> AIM OF THE TASK
For the listing that follows, give again exactly the lines from the one with "农业农村部召开种业振兴行动部门工作协调机制会议" to the one with "This page presents", including both.
══ RECORDS SHOWN
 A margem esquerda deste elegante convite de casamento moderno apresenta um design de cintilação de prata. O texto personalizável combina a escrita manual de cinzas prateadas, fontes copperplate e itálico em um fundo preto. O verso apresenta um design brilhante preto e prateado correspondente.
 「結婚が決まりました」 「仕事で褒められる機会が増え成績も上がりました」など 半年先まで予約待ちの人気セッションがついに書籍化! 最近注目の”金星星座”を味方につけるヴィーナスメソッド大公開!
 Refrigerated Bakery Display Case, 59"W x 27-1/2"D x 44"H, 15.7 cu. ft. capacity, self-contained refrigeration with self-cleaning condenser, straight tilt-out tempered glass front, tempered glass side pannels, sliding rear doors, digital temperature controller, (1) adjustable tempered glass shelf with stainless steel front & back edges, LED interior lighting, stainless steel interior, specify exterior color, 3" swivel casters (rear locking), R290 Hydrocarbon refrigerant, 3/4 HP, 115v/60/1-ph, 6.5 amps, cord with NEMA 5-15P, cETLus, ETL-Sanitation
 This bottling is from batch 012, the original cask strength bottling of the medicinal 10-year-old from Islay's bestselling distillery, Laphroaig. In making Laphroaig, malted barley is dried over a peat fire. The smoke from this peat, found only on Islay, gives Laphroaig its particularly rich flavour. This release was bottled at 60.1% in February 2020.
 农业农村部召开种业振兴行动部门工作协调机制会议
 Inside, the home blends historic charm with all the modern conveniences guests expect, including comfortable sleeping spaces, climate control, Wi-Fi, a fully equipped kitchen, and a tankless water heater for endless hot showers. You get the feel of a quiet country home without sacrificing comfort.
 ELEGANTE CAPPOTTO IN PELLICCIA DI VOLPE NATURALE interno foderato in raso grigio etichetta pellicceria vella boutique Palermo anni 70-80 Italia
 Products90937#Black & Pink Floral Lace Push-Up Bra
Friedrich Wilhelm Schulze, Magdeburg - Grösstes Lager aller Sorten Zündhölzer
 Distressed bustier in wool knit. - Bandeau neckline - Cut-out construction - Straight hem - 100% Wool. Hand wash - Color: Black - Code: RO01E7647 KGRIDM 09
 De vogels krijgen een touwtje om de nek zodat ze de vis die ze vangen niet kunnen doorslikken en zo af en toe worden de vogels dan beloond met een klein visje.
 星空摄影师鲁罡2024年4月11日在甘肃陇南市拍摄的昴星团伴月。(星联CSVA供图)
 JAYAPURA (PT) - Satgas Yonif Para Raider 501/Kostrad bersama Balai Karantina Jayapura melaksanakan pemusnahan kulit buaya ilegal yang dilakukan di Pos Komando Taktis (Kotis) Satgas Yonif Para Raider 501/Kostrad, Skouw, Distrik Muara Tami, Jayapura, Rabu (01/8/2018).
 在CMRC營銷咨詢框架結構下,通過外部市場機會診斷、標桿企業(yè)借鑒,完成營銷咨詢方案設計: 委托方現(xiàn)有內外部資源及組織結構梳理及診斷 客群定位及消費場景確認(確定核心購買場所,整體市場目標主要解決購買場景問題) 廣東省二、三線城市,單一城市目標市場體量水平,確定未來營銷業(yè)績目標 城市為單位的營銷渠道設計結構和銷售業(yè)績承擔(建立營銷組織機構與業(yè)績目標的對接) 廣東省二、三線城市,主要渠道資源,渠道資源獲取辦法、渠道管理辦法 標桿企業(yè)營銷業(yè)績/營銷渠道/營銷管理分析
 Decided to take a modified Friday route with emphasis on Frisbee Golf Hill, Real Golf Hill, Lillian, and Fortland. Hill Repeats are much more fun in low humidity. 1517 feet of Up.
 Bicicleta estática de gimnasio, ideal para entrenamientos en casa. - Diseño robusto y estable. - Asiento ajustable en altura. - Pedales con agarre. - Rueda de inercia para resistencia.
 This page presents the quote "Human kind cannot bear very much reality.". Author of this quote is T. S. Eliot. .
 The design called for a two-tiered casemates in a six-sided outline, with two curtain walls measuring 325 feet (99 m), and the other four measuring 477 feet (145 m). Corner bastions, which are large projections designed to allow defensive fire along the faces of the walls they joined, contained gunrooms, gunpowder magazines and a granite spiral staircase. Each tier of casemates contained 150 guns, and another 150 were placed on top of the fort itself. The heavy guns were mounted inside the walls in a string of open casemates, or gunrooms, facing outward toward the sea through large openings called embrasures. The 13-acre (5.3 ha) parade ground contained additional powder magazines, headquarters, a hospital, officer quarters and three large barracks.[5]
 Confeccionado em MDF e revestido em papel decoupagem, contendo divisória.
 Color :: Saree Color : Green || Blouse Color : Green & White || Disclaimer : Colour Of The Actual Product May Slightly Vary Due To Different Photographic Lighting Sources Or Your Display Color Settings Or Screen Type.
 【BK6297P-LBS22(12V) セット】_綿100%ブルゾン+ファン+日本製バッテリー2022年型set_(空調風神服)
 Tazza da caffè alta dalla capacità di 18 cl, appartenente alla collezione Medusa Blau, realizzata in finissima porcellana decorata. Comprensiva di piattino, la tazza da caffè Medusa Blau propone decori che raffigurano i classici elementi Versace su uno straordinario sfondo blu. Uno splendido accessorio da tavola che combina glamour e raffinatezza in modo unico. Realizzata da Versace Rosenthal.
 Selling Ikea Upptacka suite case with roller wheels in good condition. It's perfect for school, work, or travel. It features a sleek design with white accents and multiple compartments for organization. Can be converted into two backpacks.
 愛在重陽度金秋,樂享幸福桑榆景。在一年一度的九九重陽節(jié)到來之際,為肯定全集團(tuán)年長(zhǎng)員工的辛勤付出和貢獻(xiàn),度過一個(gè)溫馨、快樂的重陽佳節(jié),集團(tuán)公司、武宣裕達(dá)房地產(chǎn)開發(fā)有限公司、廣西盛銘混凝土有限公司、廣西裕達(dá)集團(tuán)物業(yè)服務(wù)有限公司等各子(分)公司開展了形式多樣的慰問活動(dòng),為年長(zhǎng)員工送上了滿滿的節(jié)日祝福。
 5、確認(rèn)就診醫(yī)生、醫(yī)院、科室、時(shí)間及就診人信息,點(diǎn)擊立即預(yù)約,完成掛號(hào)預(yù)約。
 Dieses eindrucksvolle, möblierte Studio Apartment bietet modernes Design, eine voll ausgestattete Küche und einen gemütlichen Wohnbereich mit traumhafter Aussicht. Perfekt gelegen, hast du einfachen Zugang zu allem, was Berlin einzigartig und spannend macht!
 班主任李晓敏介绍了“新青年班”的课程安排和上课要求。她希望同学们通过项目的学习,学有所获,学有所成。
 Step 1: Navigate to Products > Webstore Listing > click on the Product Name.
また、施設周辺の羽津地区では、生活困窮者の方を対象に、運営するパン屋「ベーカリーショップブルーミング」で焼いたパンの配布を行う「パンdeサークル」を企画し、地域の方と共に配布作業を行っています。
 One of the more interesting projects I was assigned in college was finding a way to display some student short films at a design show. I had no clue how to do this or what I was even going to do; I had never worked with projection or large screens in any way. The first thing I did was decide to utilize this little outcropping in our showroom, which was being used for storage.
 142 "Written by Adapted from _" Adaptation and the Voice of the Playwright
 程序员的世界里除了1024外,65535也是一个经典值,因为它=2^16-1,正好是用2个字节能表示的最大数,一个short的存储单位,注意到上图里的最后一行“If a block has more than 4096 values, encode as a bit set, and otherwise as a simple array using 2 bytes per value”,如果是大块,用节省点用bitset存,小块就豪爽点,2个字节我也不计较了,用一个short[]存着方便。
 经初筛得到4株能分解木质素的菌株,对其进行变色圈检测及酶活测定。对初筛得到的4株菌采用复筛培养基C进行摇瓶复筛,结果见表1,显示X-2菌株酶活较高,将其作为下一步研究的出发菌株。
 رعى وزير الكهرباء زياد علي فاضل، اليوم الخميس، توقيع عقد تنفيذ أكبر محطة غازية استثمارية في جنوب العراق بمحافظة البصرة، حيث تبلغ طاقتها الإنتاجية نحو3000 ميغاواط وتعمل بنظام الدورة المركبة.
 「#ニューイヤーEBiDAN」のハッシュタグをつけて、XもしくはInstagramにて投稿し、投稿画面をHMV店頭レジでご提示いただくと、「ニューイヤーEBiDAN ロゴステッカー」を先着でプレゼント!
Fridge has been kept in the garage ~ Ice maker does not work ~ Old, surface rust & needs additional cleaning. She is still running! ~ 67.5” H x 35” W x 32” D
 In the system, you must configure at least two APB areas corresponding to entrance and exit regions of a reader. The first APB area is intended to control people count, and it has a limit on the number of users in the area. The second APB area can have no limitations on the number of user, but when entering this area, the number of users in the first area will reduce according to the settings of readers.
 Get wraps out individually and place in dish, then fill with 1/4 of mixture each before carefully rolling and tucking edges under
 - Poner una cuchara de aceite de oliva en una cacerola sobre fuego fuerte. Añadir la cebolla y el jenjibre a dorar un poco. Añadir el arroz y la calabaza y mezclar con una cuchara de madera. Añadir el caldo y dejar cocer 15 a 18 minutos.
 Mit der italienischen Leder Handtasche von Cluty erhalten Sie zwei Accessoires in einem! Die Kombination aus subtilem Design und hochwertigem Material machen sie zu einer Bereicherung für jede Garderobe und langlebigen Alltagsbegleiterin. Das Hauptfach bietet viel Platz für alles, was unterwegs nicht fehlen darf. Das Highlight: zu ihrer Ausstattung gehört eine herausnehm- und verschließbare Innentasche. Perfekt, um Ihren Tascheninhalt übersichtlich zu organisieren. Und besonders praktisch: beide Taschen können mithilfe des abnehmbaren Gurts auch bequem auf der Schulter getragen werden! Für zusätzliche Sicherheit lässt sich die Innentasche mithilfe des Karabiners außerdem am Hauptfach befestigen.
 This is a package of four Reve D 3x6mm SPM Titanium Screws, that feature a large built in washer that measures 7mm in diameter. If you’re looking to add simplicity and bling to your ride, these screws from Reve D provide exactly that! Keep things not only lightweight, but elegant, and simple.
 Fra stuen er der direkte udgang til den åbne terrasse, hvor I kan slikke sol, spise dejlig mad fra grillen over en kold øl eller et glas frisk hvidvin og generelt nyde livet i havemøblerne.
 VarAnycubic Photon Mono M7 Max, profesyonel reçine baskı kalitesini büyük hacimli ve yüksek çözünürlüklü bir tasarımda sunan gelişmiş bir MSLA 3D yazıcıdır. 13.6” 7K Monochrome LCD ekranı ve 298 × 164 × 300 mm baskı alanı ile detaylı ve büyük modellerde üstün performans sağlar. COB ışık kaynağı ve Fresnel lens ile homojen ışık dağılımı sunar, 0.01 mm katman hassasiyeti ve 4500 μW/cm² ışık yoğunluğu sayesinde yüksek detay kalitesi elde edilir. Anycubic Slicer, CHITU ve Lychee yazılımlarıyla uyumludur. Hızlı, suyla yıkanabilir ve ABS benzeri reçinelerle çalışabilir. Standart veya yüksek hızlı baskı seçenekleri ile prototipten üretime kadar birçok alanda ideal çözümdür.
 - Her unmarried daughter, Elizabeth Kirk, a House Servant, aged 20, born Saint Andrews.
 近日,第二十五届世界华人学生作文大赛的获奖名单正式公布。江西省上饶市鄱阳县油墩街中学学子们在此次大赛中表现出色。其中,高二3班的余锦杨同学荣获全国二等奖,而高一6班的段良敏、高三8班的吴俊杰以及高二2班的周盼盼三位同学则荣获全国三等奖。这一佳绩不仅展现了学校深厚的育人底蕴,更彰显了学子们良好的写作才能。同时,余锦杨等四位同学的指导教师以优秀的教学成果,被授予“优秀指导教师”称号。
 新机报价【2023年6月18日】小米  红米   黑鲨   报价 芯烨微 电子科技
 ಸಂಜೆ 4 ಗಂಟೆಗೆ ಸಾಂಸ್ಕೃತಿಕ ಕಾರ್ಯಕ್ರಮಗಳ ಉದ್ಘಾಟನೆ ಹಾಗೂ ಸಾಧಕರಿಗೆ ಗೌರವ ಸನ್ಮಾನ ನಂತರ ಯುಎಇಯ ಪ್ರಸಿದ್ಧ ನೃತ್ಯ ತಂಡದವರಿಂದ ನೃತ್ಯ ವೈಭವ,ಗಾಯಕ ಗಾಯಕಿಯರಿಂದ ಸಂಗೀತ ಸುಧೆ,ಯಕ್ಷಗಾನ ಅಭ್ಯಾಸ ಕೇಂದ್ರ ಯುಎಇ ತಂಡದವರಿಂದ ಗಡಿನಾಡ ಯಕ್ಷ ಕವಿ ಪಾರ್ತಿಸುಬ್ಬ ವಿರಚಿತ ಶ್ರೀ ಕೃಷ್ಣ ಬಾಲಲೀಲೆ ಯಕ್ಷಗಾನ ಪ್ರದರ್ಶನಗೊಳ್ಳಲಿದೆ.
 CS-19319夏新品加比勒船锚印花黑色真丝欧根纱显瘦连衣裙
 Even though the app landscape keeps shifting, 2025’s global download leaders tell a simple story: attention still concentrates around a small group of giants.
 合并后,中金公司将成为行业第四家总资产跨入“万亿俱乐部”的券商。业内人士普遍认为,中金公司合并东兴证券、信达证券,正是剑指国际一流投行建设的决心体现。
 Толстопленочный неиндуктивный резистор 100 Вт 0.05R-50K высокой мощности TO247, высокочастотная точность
════
> RESPONSE TO THIS TASK
 农业农村部召开种业振兴行动部门工作协调机制会议
 Inside, the home blends historic charm with all the modern conveniences guests expect, including comfortable sleeping spaces, climate control, Wi-Fi, a fully equipped kitchen, and a tankless water heater for endless hot showers. You get the feel of a quiet country home without sacrificing comfort.
 ELEGANTE CAPPOTTO IN PELLICCIA DI VOLPE NATURALE interno foderato in raso grigio etichetta pellicceria vella boutique Palermo anni 70-80 Italia
 Products90937#Black & Pink Floral Lace Push-Up Bra
Friedrich Wilhelm Schulze, Magdeburg - Grösstes Lager aller Sorten Zündhölzer
 Distressed bustier in wool knit. - Bandeau neckline - Cut-out construction - Straight hem - 100% Wool. Hand wash - Color: Black - Code: RO01E7647 KGRIDM 09
 De vogels krijgen een touwtje om de nek zodat ze de vis die ze vangen niet kunnen doorslikken en zo af en toe worden de vogels dan beloond met een klein visje.
 星空摄影师鲁罡2024年4月11日在甘肃陇南市拍摄的昴星团伴月。(星联CSVA供图)
 JAYAPURA (PT) - Satgas Yonif Para Raider 501/Kostrad bersama Balai Karantina Jayapura melaksanakan pemusnahan kulit buaya ilegal yang dilakukan di Pos Komando Taktis (Kotis) Satgas Yonif Para Raider 501/Kostrad, Skouw, Distrik Muara Tami, Jayapura, Rabu (01/8/2018).
 在CMRC營銷咨詢框架結構下,通過外部市場機會診斷、標桿企業(yè)借鑒,完成營銷咨詢方案設計: 委托方現(xiàn)有內外部資源及組織結構梳理及診斷 客群定位及消費場景確認(確定核心購買場所,整體市場目標主要解決購買場景問題) 廣東省二、三線城市,單一城市目標市場體量水平,確定未來營銷業(yè)績目標 城市為單位的營銷渠道設計結構和銷售業(yè)績承擔(建立營銷組織機構與業(yè)績目標的對接) 廣東省二、三線城市,主要渠道資源,渠道資源獲取辦法、渠道管理辦法 標桿企業(yè)營銷業(yè)績/營銷渠道/營銷管理分析
 Decided to take a modified Friday route with emphasis on Frisbee Golf Hill, Real Golf Hill, Lillian, and Fortland. Hill Repeats are much more fun in low humidity. 1517 feet of Up.
 Bicicleta estática de gimnasio, ideal para entrenamientos en casa. - Diseño robusto y estable. - Asiento ajustable en altura. - Pedales con agarre. - Rueda de inercia para resistencia.
 This page presents the quote "Human kind cannot bear very much reality.". Author of this quote is T. S. Eliot. .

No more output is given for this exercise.